Cutting Through the Hype: Where Web Services and SOA Are Really Working

By Louis Columbus

Summary

The move by database developers to include object-oriented programming languages has changed the scope of application development and is acting as a catalyst for Web Services development. Being able to define stored-procedures in object-oriented languages is leading to an entirely new approach to creating workflows and supporting transactions in manufacturing and services industries. Despite the availability of object-oriented programming languages however, many systems still rely on file server architecture, two-tier, or n-tier architectures. Web Services, many internally developed, show what object-oriented programming tools can deliver.

For many manufacturers this starts with tying together supply chains with more than the equivalent of hand-built adapters that cannot scale across all the transactions a manufacturer needs them to. Many manufacturers are holding onto their hand-built adapter strategies to integration, just as Web Services are starting to prove themselves. The bottom line however is the Web Services work for integration today – yet are still unproven for completely replacing ERP systems that include complex distributed order management, supply chain synchronization and customer fulfillment.

What’s Really Happening In Web Services Today

Forget about the commercials and hype showing Web Services as an all-knowing and all-seeing platform that can tell any salesperson at any time, from anywhere the status of orders in a remote location of Europe for example – just the infrastructure investment to support this level of responsiveness would dwarf the entire IT budgets of many Fortune 1,000 companies.

The reality is that there is much more crawl-walk-run and testing going on than global best practices at mobilizing a single system of record for example. In the research completed for this article and in the multiple manufacturers spoken with, there’s more of a focus on test-driving Web Services today than en masse development.

Several companies spoken with are concerned more with security than time and cost efficiency savings; the fact that according to AMR Research there is less than $100,000 spent on pilot projects underscores the fact that Web Services gets used more for integrating databases together and less for transactions outside an enterprise. Despite the hype surrounding Web Services as the Next Big Thing, it’s clear from watching the adoption of companies using this approach to managing database integration that it takes on average 2 years to make Web Services fully operational, specifically including five Web Services or more.

Additional insights into the true adoption of Web Services are provided here:

  • 75% of all Web Services projects are purpose-built for database and data warehouse integration projects.
  • 65% are developed to support integration to legacy or mainframe applications.
  • 60% are developed for internal portal integration efforts with legacy and typically three or less databases internal to the company.
  • One manufacturer of complex pumps and valves focused on headcount reductions equally $500K the first year only to find that the two engineers that were going to be let go were actually needed for integration work for the Web Service aimed at streamlining complex order capture. The net result: the Web Service worked and another Application Server engineer needed to be added to the product.
  • One manufacturer of computer equipment uses Web Services to integrate their order capture and pricing systems that are part of their SAP ERP instance – and the result is the ability to publish out price updates to worldwide channels within 48 hours. The Web Service will also add Oracle pricing integration – yet that will be over a year away and require months of internal development.
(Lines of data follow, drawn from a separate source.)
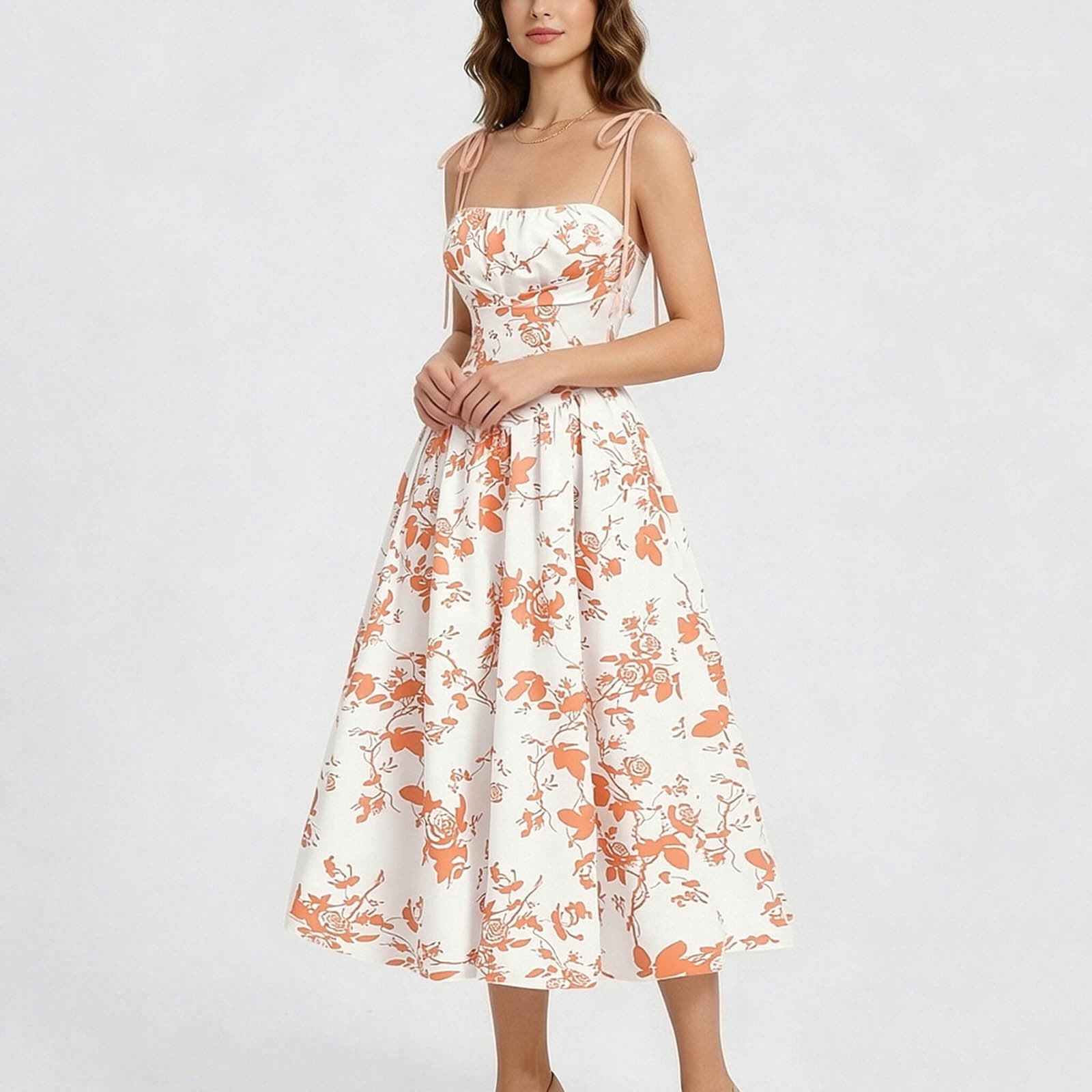 Busydd Floral Boho Dresses for Women Fashion Square Neck Spaghetti ...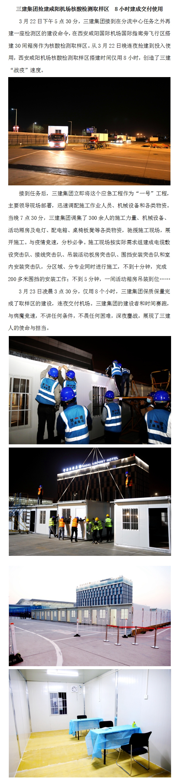 三建集團搶建西安咸陽機場核酸檢測取樣區 8小時建成交付使用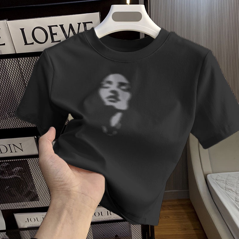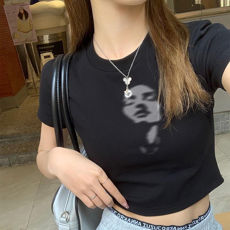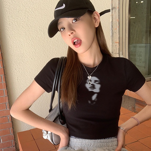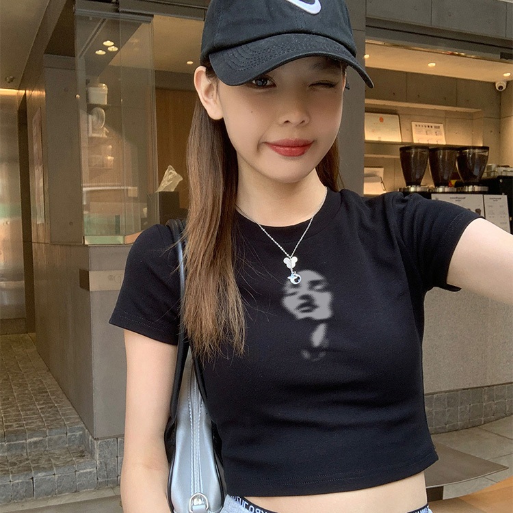 Misco T-shirt Crop Top Lengan Pendek Kaos Wanita Crop Top Korea Simple Facial Expressions Kaos Crop Wanita Kekinian Baju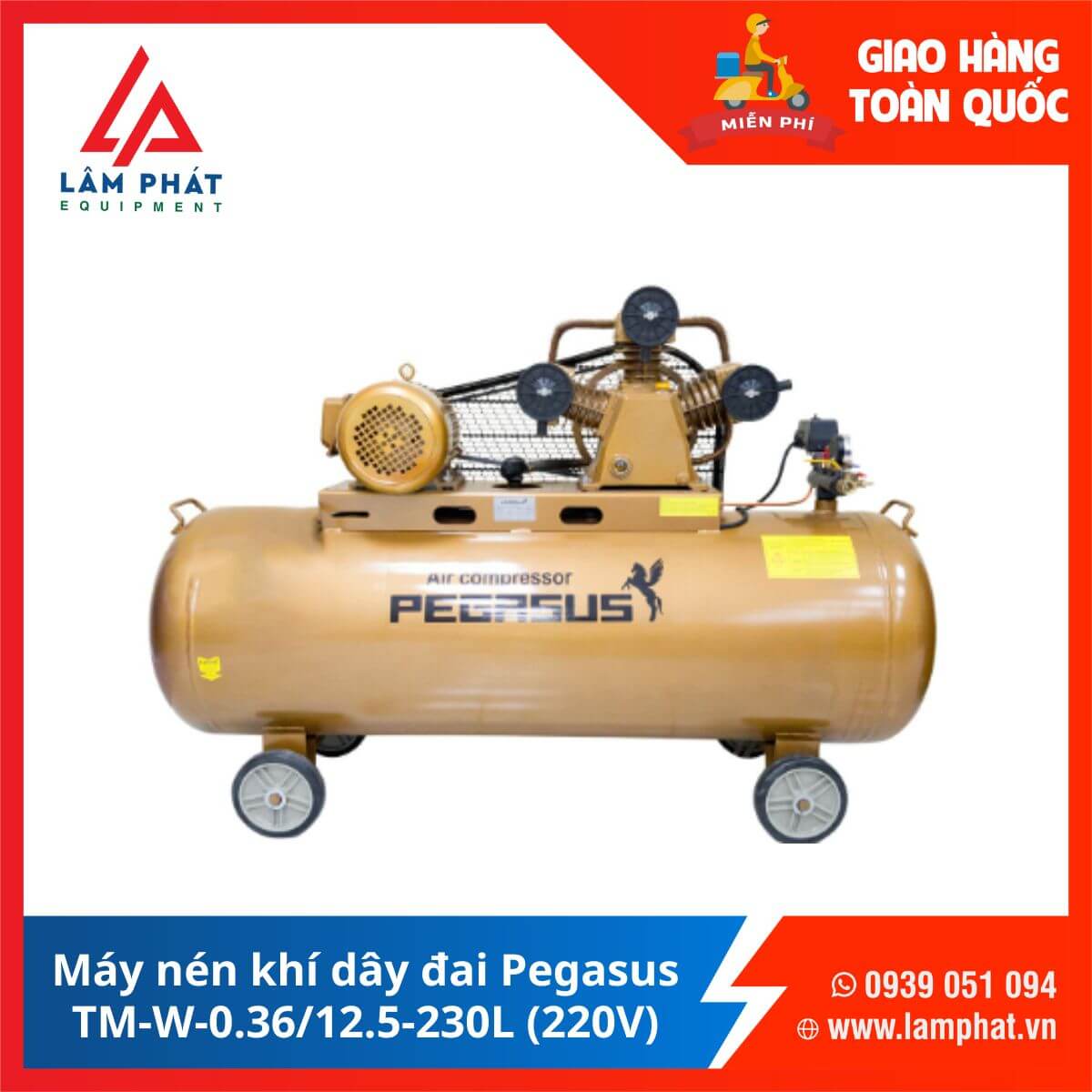 Máy nén khí dây đai Pegasus TM-W-0.36/12.5-180L (220V)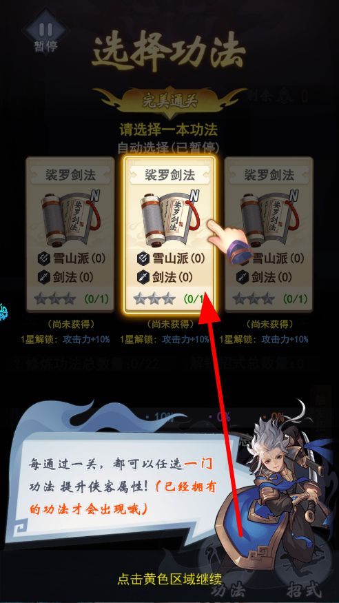 2、每通過一關(guān),會進入功法選擇,從提供的功法中挑選一本,所選功法能提升俠客屬性,助力后續(xù)戰(zhàn)斗,根據(jù)需求合理選擇。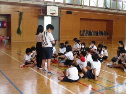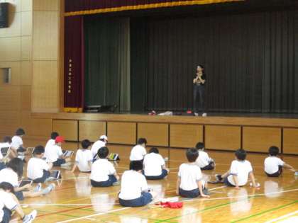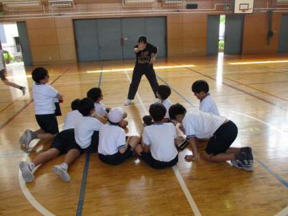 6年生は5時間目、学年で体育館集まっていました。運動会で行う6年生と5年生で行う演技についての打合せをしています。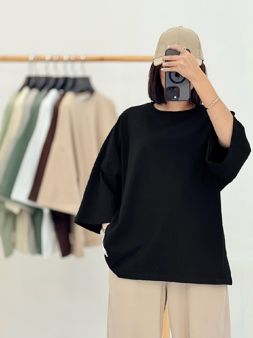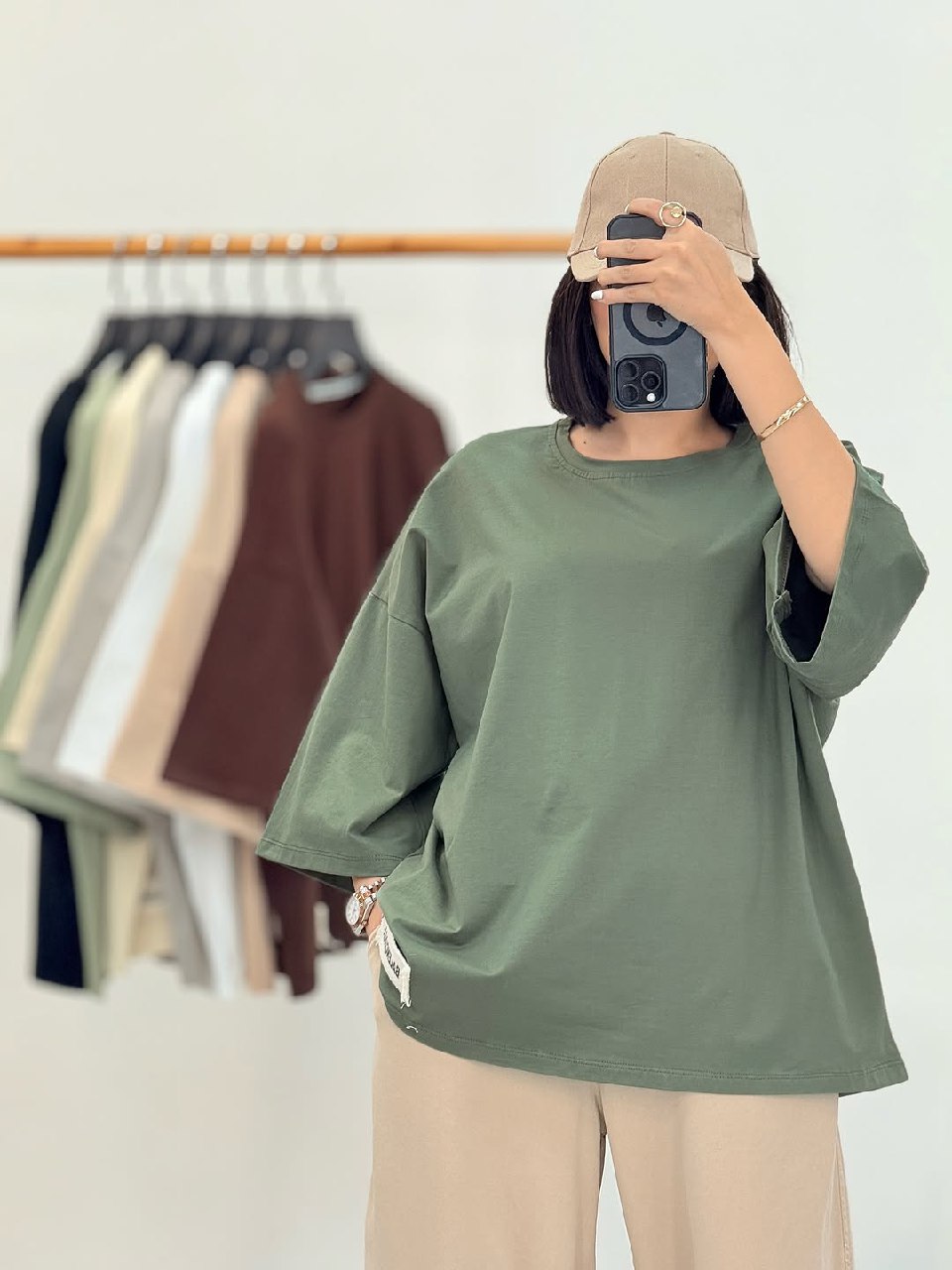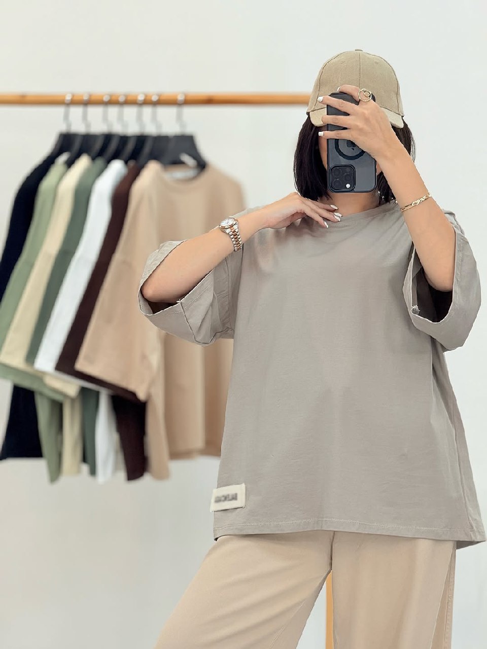 تیشرت زنانه مدل ترمه دارای جنس گلکسی در رنگبندی و فری سایز با قد حدود 67 و دور سینه حدود 126 قابل سفارش است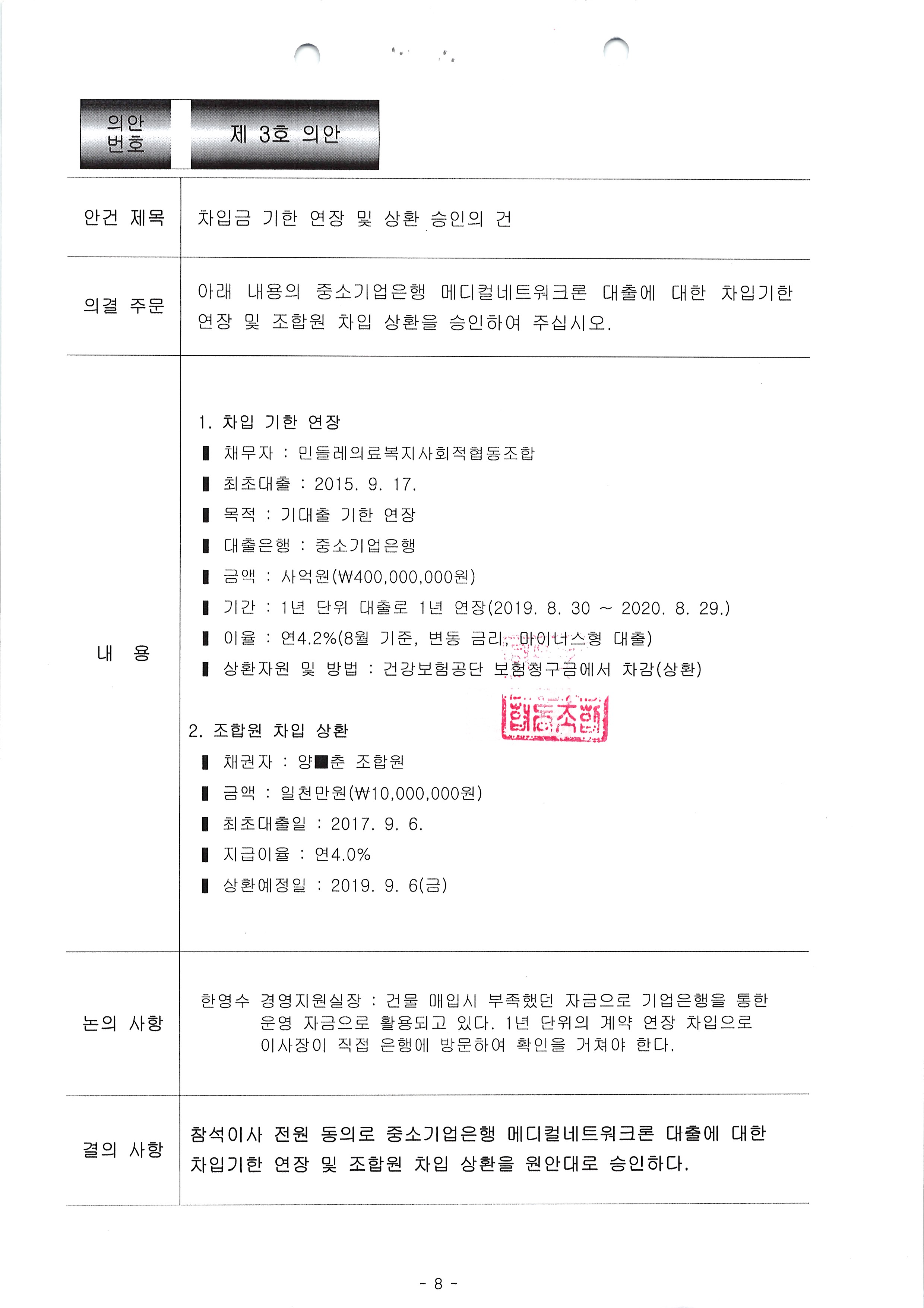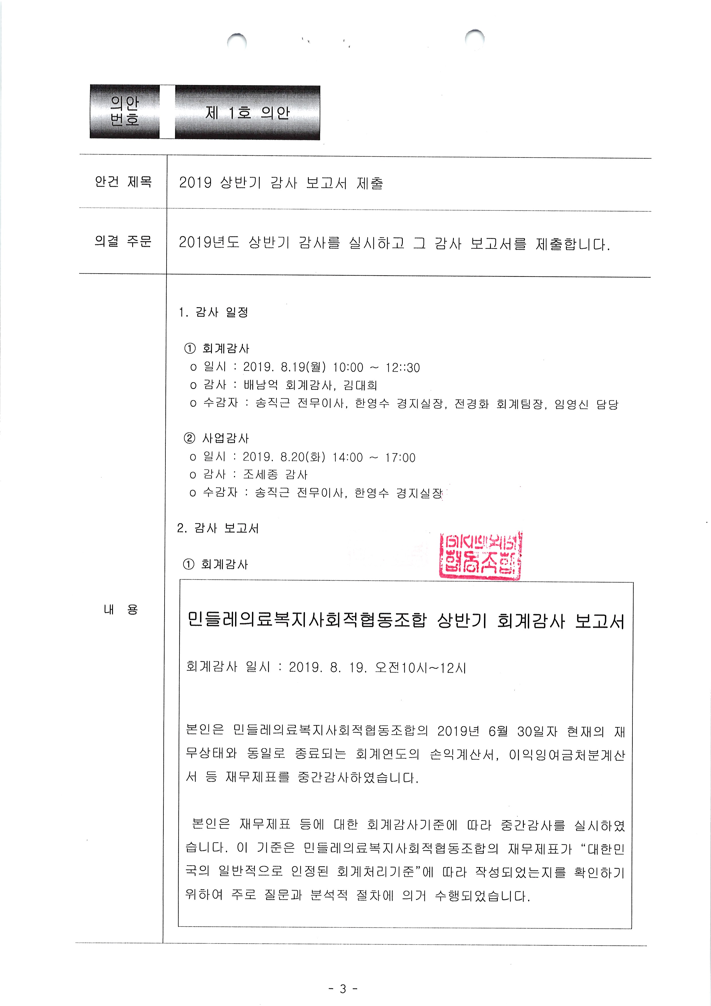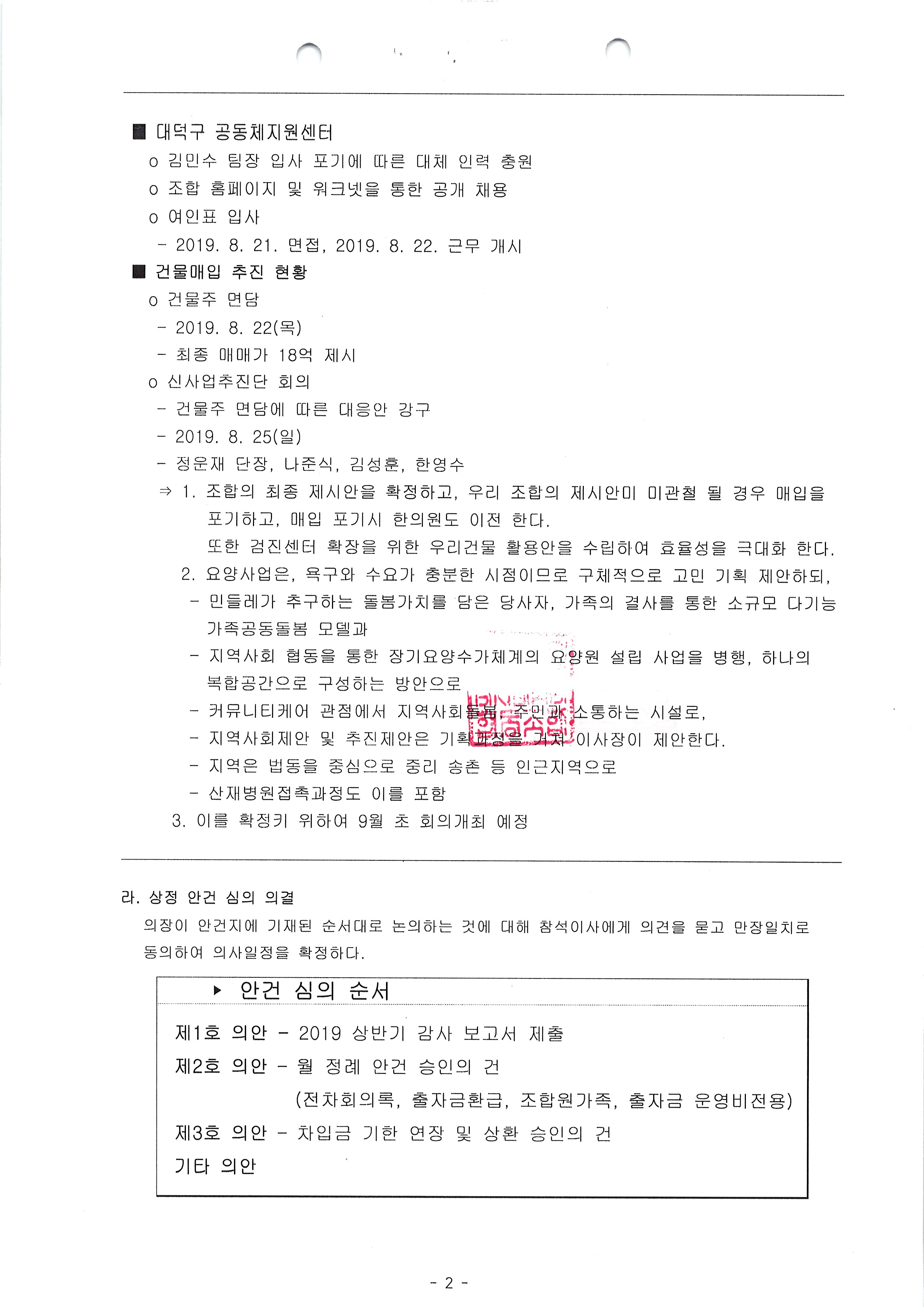 [2019-08] 정기이사회 결과보고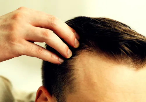 You may notice thinning hair, increased shedding, receding hairline, or bald patches.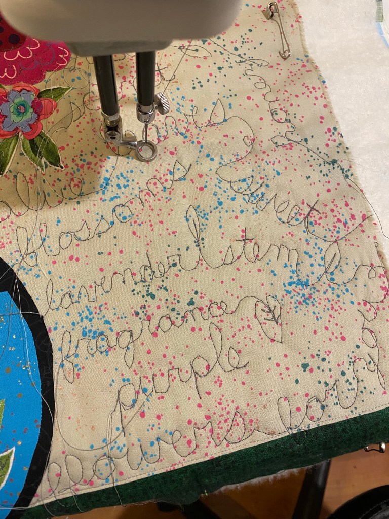 Quilting on the background of my collage flowers in a vase.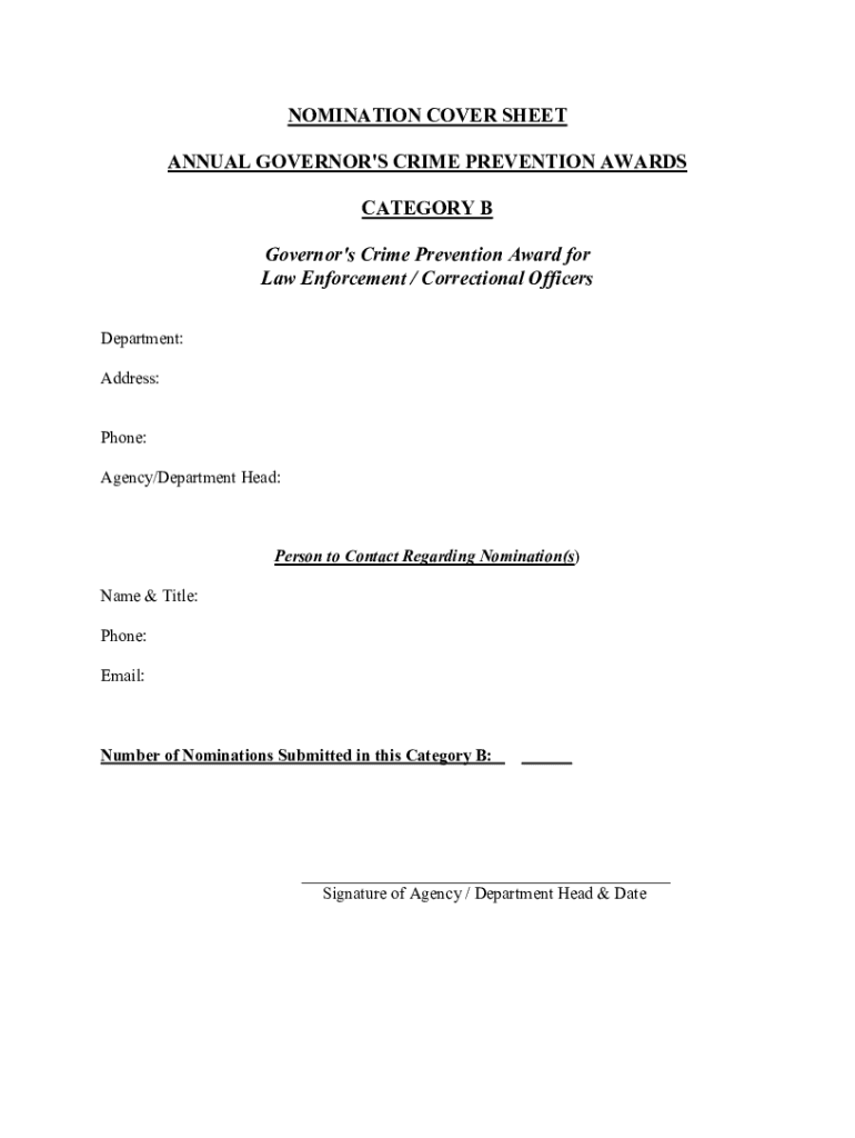 NOMINATION COVER SHEET ANNUAL GOVERNOR\'S CRIME PREVENTION AWARDS CATEGORY B Governor\'s Crime Prevention Award for Law Enforcement / Correctional Officers Department: Address: Phone: Agency/Department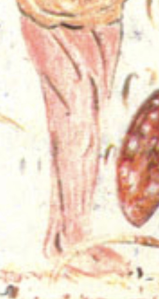 this is to be read as “the right leg of the mushroom tree is near Eve’s legs which carry the message of non-branching”.

ROI for Web Services Is Still Elusive

Of the manufacturers who are using Web Services, ROI is proving elusive to quantify much less track over time. Because of the majority of companies developing Web Services do not do ROI analysis before starting development they often have high expectations that are often not met.

Because of the majority of Web Services adopters not defining ROI targets, the majority rely on headcount reductions for show ROI. This is clearly a cop-out because cost reductions and greater efficiencies taken together should deliver gains in revenue either directly as the result of serving customers more responsively or streamlining workflows.

Second to headcount reductions, companies are looking at reduction of the costs of integration, data entry, and reduction of Value-Added Network costs as the approaches to show positive ROI for internal Web Services developments.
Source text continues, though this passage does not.